Thursday, 30 May 2019

2019 Alexandra Fiord field season

In a couple of days time I will be wending my way northwards for a second year of field work at Alexandra Fiord on Ellesmere Island, Nunavut. We will be flying from Ottawa to Resolute via Iqaluit, Pond Inlet and Arctic Bay and staying at the Polar Continental Shelf Program facilities in Resolute until the weather looks good to fly the two hours north east on a Twin Otter plane to Alexandra Fiord. We have no internet at the field site but I have an inReach Iridium satellite device so you can check out my MapShare to get updates on where I am and what I am doing!

RCMP buildings at Alexandra Fiord, Ellesmere Island, Nunavut, Canada
Our field site is based at the old Alexandra Fiord RCMP post built in 1953. Field work plots were established in 1992 in the valley behind the post to study the effects of climate change on tundra plant ecology. Half of the plots are surrounded by open top chambers that passively warm the plots to simulate climate change. Each warmed plot is paired with a control plot at ambient temperature. These plots allow us to compare differences in traits such as phenology, and species composition and abundance between the warmed and control plots, and measure the effects of climate warming.

Open top chambers surrounding plots at Alexandra Fiord
The main focus of my field work this summer will be gathering data to study the relationship between shifts in phenology, reproductive success and species composition/abundance.
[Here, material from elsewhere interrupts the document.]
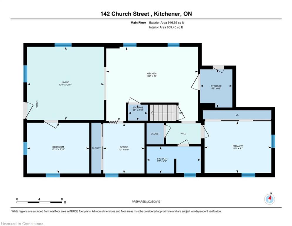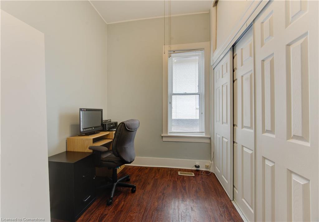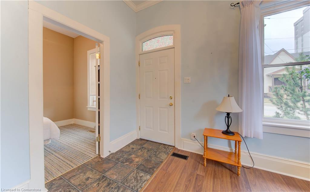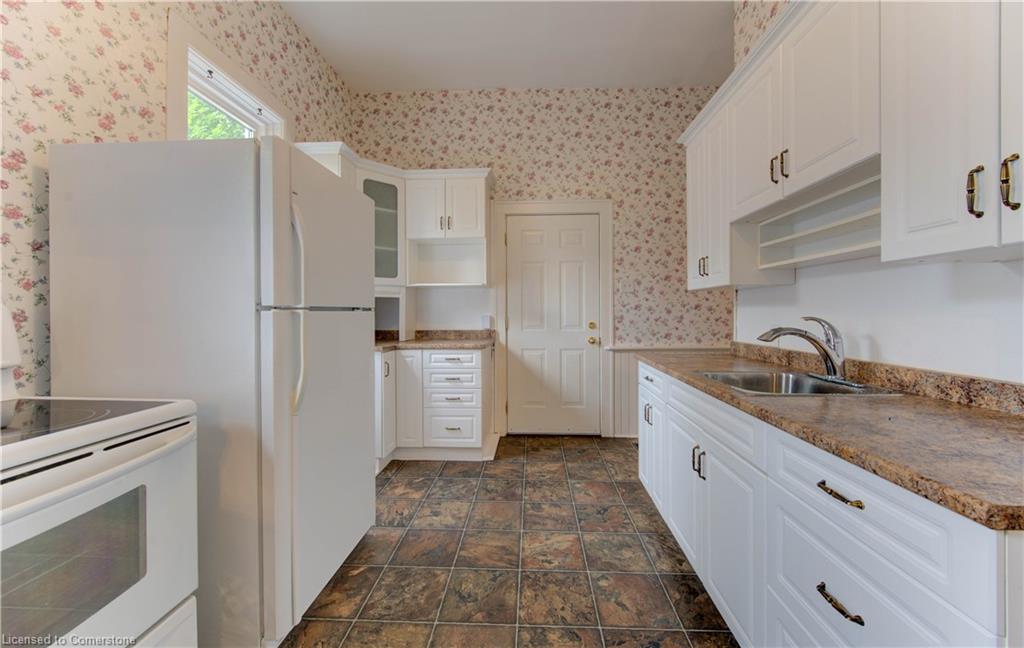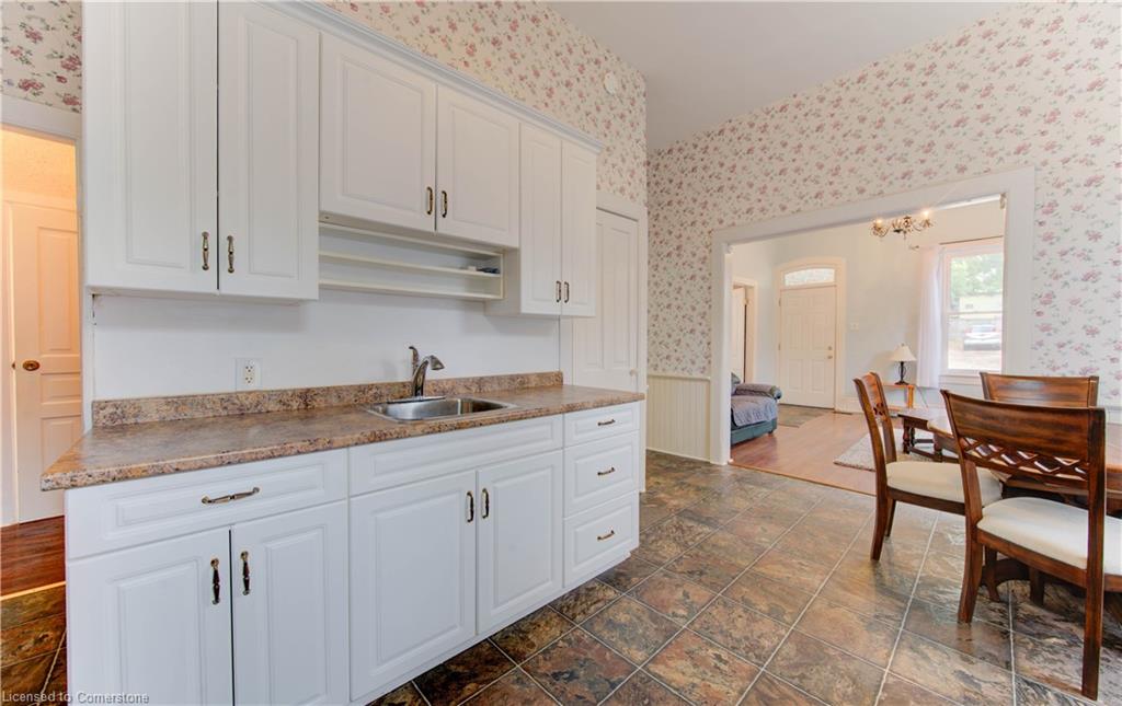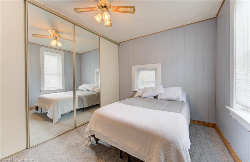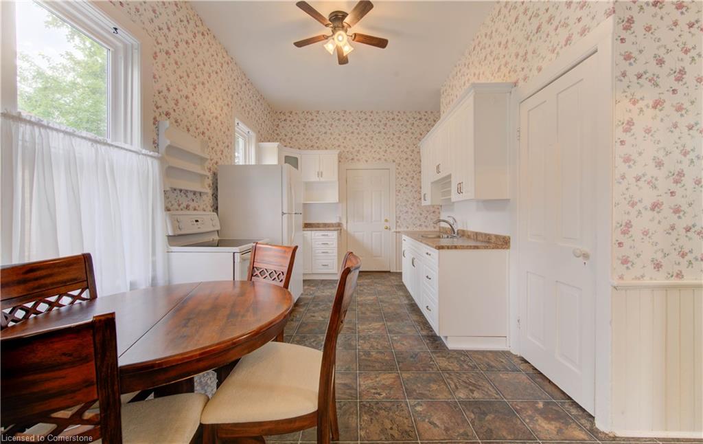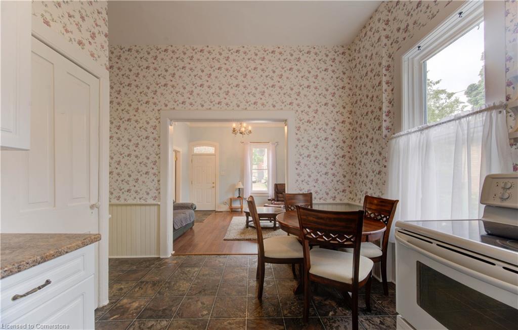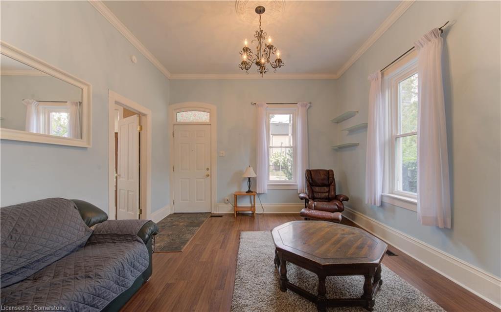 Welcome to 142 Church Street – Where Charm Meets Possibility! Own this single detached home for less than a condo! Own this piece of history in one of Kitchener’s oldest homes, built in 1855 and lovingly maintained and updated. Nestled in a mature Kitchener neighborhood, this solid brick bungalow blends timeless Regency-style architecture and the central front door, flanked by large windows, welcomes you into a single-storey residence that reflects the grace of its era. A charming veranda with trellis-like supports adds curb appeal and a perfect spot to enjoy quiet mornings or evening sunsets. Inside, soaring 10 and a half foot ceilings create an airy, open feel, while the living room sets the tone for cozy evenings and casual gatherings. Natural light pours through updated vinyl windows, including distinctive Gothic-style panes that add character. The eat-in kitchen offers white cabinetry. Whether you are sipping morning coffee or preparing a family meal, this space is both functional and welcoming. Two bedrooms provide flexibility for families and guests. Office may also be used as third bedroom. A four-piece bath is conveniently located, and the basement includes newer laundry appliances and an owned water heater. The home features a Carrier furnace, central air, and a 125 AMP electrical panel ready for EV upgrades. Roof is approximately 10 years old. Outside, enjoy a low-maintenance yard with a charming patio and a handy shed with little upkeep required, making this an ideal retreat for those who value simplicity and peace. Whether you’re starting out, settling down, or investing wisely, 142 Church Street is an easy place to call home.

To do this, we will be recording flower, leaf and fruit phenology of tagged plants in the plots, collecting fruits and seeds from these tagged plants and, new for me this year but conducted every 5 or so years, recording species composition and abundance in the plots using the point frame method.

Left: Recording phenology of plants in an OTC at Alexandra Fiord,
Centre: Germinating willow (Salix arctica) seeds at UBCs greenhouse as a measure of reproductive success,
Right: Point frame used to measure species composition and abundance
Over the winter we measured the reproductive success of the seeds we collected in 2018 by counting, weighing and germinating the seeds in UBC's greenhouse. In general seed weight was heavier for seeds from warmed than from the control plots and the heavier the seed the higher the germination rate.

Seeds collected from warmed plots (T) were significantly heavier than those collected from the colder control plots (C) for Mountain Avens (Dryas integrifolia), Mountain Sorrel (Oxyria digyna), Hairy Lousewort (Pedicularis hirsuta)
and Arctic Willow (Salix arctica) but heavier from control plots for Arctic Poppy (Papaver radicatum)
Germination rates were higher for heavier seeds for
Arctic Willow (Salix arctica) and Mountain Avens (Dryas integrifolia)
The Arctic Willow (Salix arctica) seeds collected from warmed plots had higher germination rates than Willow seeds collected from the colder control plots. In contrast, however, Arctic Poppy (Papaver radicatum) seeds collected from the colder control plots were heavier and had higher germination rates than Poppy seeds collected from the warmed plots. The Willow is taking over at Alexandra Fiord while the Poppy is seen less often in the warmed plots than in years past. These earlier results hint at some of the relationships between phenology, reproductive success and species abundance. This summer's field work will build on these early results to help quantify the relationships.

Arctic Willow seeds collected from warmed plots had higher germination
rates than seeds collected from control plots.
Arctic Poppy seeds collected from control plots had higher germination
rates than seeds collected from warmed plots.